The Fastest Way to AGI: LLMs + Tree Search – Demis Hassabis (Google DeepMind CEO)
Summary
TLDRThe speaker believes that large language models will likely form a key component of future AGI systems, but additional planning and search capabilities will need to be layered on top to enable goal-oriented behavior. He argues that leveraging existing data and models as a starting point will allow for quicker progress compared to a purely reinforcement learning approach. However, specifying the right objectives and rewards remains an open challenge when expanding beyond games to real-world applications. Overall the path forward involves improving predictive models of the world and combining them with efficient search to explore massive spaces of possibilities.
Takeaways
- 😀 AGI will likely require large language models as a component, but additional planning and search capabilities will also be needed on top.

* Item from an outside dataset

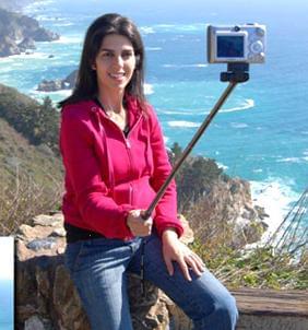 自拍桿自拍桿是近風靡的自拍神器,它能夠在20厘米到120厘米長度間任意伸縮,使用者只需將手機或者傻瓜相機固定在伸縮桿上,通過遙控器就能實現多角度自拍。

- 👍 Using existing knowledge and data to bootstrap learning in models seems more promising than learning purely from scratch.
- 😮 More efficient search methods can reduce compute requirements - improving the world model allows more effective search.
- 🤔 Defining the right rewards and goals is challenging for real world systems compared to games with clear winning conditions.
- 🚀 There is great potential in adding tree search planning capabilities on top of large language models.
- 🔢 Combining scalable algorithms like Transformers to ingest knowledge, with search and planning holds promise.
- 😥 Current large models may be missing the ability to chain thoughts or reasoning together with search.
- 📈 Keep improving large models to make them better world models - a key piece.
- 👀 Some are exploring building all knowledge purely from reinforcement learning, but this may not be the fastest path.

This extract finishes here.